THE LOUDEST WHISPER or THE CHILDREN'S HOUR. This 1961 Wyler film has been long unseen here, but now that TCM UK has acquired some United Artists titles its been shown a few times. Its of course the famous Lillian Hellman play (first done by Wyler in the '30s) about the 2 school teachers accused by a spiteful deceitful child of being lesbians. This of course means the closure of their school and they are regarded as outsiders. Its hokum now but well mounted by Wyler with Audrey Hepburn and Shirley McLaine as the leads, James Garner as Hepburn's bewildered beau, Miriam Hopkins back as McLaine's silly aunt and best of all, Fay Bainter (who was in Wyler's JEZEBEL) who is monumental as the child's aunt and who causes the downfall of the school, and then when she finds out the real truth has to come to apologise... the lynchpin of the story is that Martha (McLaine) realises she really does love Audrey Hepburn that way, so there is only one solution for her. [Shirely later did recant about this in the documentary THE CELLULOID CLOSET, but it must have seemed par for the course back then].

Good though to see some United Artists titles being dusted down, like a batch of Woody Allens [ANOTHER WOMAN, ALICE, SEPTEMBER], Billy Wilders [I won't though be watching IRMA LA DEUCE], and do I really want to see YENTL or THE WHALES OF AUGUST again (painful enough seeing the decline into old age of Lindsay Anderson, Bette Davis, Lillian Gish, Vincent Prince, Ann Sothern just the once...).

MARY QUEEN OF SCOTS - Charles Jarrot's 1971 film looks well mounted, but is really the kind of historical film I do not care for, being one of those dull, reverential, ploddingly directed costume dramas with no cinematic flair whatsoever as lots of thespians stand around mouthing reams of dialogue, more a pageant than a film. They may use real settings but it just looks wrong: very overlit, and the costumes look brand new, as though they arrived that morning. Scenes are like tableaus with no dramatic progression. The cast do what they can - Glenda Jackson had a huge hit in the BBC series ELIZABETH I over six hours, but her Virgin Queen is a caricature here, Vanessa Redgrave as Mary is tremelous and lovely as she deals with Patrick McGoohan, Timothy Dalton, Nigel Davenport, Ian Holm. Trevor Howard is Cecil, Elizabeth's advisor. Interesting to see again but just dull dull dull.

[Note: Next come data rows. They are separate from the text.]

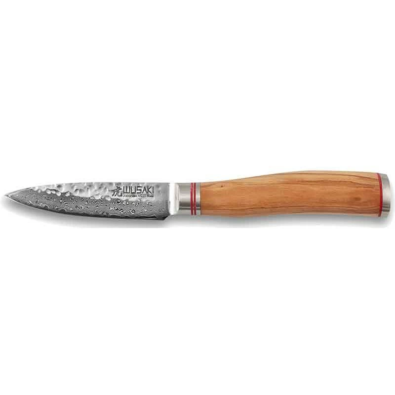 Le couteau d’office Wusaki Damas VG-10 est designé en France, et possède un joli manche en bois olivier dont le veinage est unique. Sa forme bombée assure une excellente ergonomie, si bien que la prise en main est extrêmement confortable, et ce, même en cas d’utilisation prolongée ou professionnelle. Apportant une touche très naturelle en raison du matériau noble utilisé, le manche possède également un culot gravé d’un sigle Japonais. Avec lui, découper les légumes de façon nette et précise est à la portée de tous et toutes !
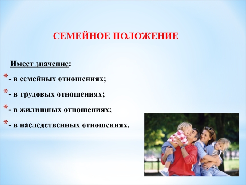 имущественных и л/неимущественных отношений, выражающаяся в наличии у них субъективных
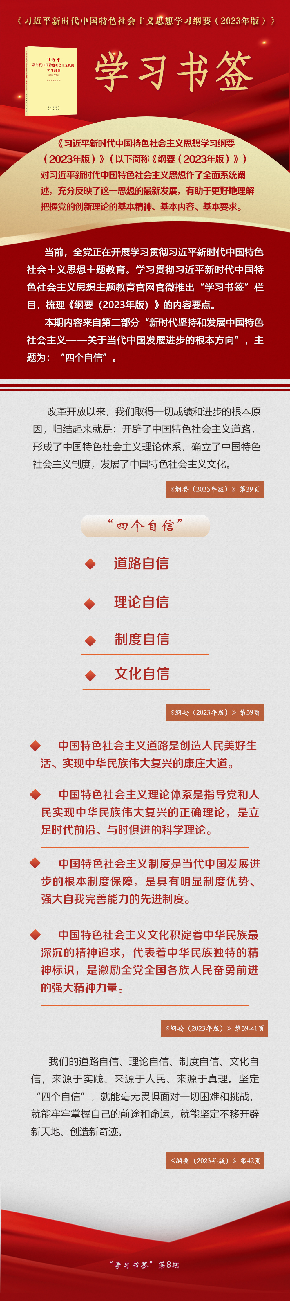 《習(xí)近平新時(shí)代中國特色社會(huì)主義思想學(xué)習(xí)綱要(2023年版)》 學(xué)習(xí)書簽丨“四個(gè)自信”
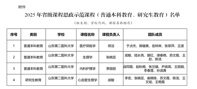 近日,学校课程思政建设喜获多项省级荣誉,《医疗保险学》等4门课程获批2025年省级课程思政示范课程,《防控布鲁菌,护航黄河流域生态美、产业兴、民生安》等8项案例入选2025年山东省本科高校黄河重大国家战略课程思政优秀案例,彰显了学校在课程思政建设与教学创新方面的扎实成效。
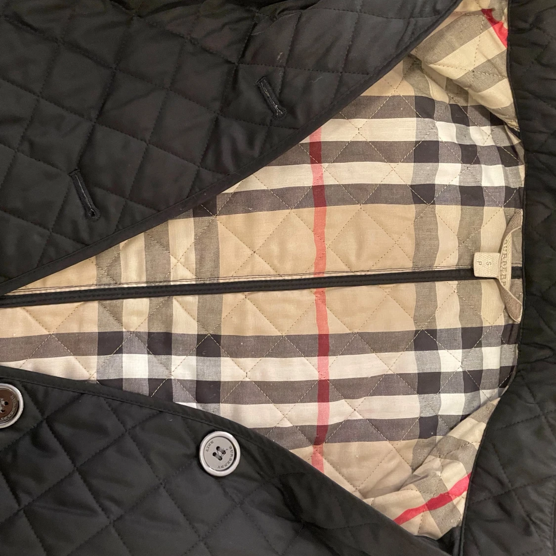 Säljer en svart quiltad jacka från Burberry med klassiskt rutigt foder i beige, rött och svart. Jackan har knappar framtill, långa ärmar och snygga uppvikta muddar som visar det ikoniska mönstret.
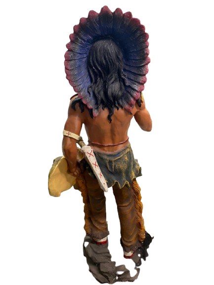 Esta imponente figura de 30 pulgadas de altura representa al guerrero indígena con su arco y flecha, conocida en las tradiciones espirituales por sus propiedades de protección, caza espiritual, precisión en objetivos y conexión con la naturaleza y los espíritus de la tierra.
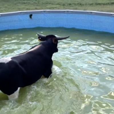 A man struggles to wrangle a bull after it climbed into an above-ground pool. The bull eventually exits through the gash in the pool it made and rejoins the herd.
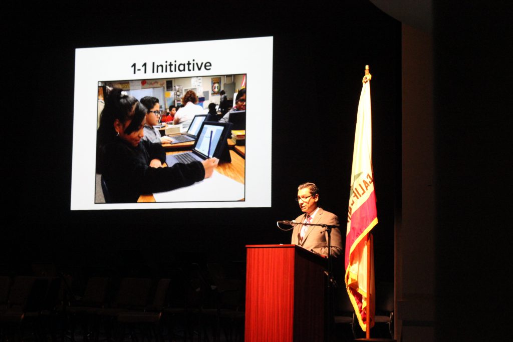 <p>El Superintendente habló sobre las nuevas iniciativas para el distrito como la nueva iniciativa de uno a uno de iPads, con la que se proporcionarán iPads a cada uno de los estudiantes del EUSD para el año 2021.</p>
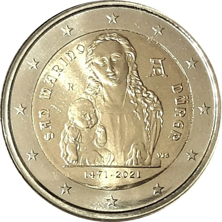 Description: The 2 euro coin commemorating the artist's 550th birthday features a detail from Dürer's 1526 *Madonna and Child* (Uffizi Gallery). The Virgin, emerging from a dark background with a pear, holds the infant Jesus, capturing a familial intimacy. The work exemplifies Dürer's characteristic attention to detail and faithful realism.
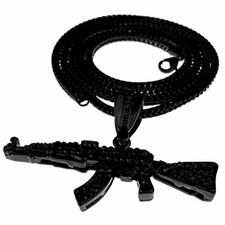 Black AK47 Rifle Gun Chain Iced Simulated CZ Pendant Hip Hop Franco Necklace 36"
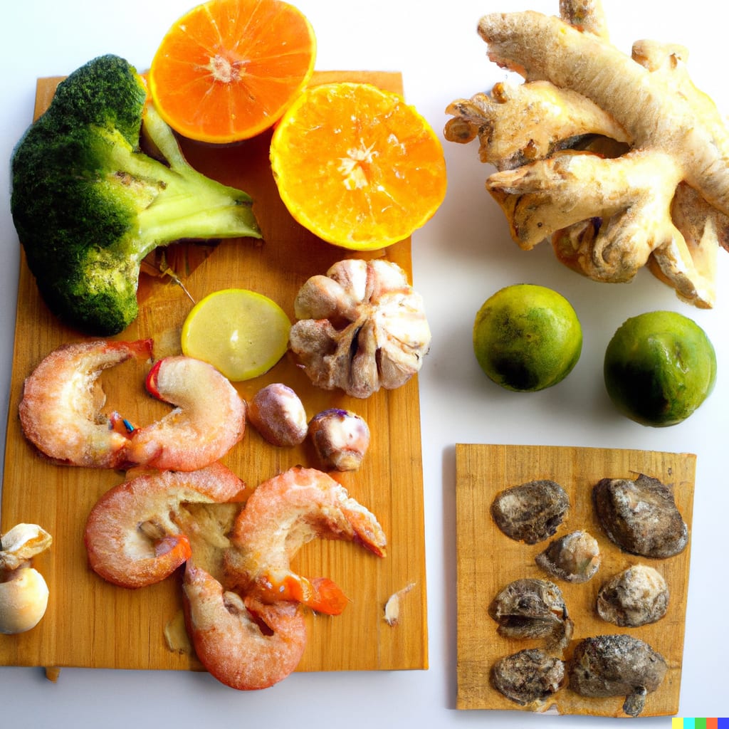 Shellfish such as oysters, crab, and clams are rich in zinc, which is an essential nutrient for immune function. Zinc helps stimulate the production of white blood cells and can help reduce the duration and severity of infections. Shellfish are also a good source of other
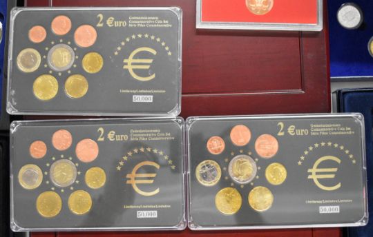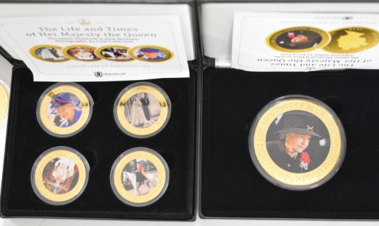 Large collection of cased and loose collectable coins, mainly commemorative, many with enamelled portraits, include Queen Elizabeth II Five Crown Coin, 1953 Coronation Year set, 1981 proof set, Historic Coins of Great Britain, Golden Edition coins, Greatest Britons, four 2 Euro packs etc, some incomplete sets

THE VIRGIN AND THE GYPSY. 1970 - a pleasant reminder of when England had a film industry - this, a kind of follow-up to WOMEN IN LOVE, was the kind of movie that played at local cinemas, usually as part of a double feature. Interesting to see how well made it was with great period detail of the 20s as lackluste Joanna Shimkus [sort of a lesser Jacqueline Bisset] returns to her family's vicarage somewhere in the North of England - this is D H Lawrence country. Father is stuffy vicar Maurice Denham and Kay Walsh is as ever splendid as the spinster sister Cissy, forever at odds with the young people, and Fay Compton is the spiteful old granny. Bored Yvette (Joanna) spots the virile gypsy - Franco Nero, attractive as ever here (with his bare chest and waistcoat), who with his woman (Imogen Hassall) and baby have their caravan nearby. Local youths express interest in Yvette but she has no time for them. Honor Blackman and Mark Burns are the scandalous unmarried couple who befriend her, and nature soon take care of things as a flash flood sweeps through the countryside sweeping decorum away as Yvette and gypsy finally get together. As directed by Christopher Miles [Sarah's brother] its all very enjoyable and engrossing, rather like those other films of the era like THE TRIPLE ECHO or those Ken Russell or John Schlesinger films.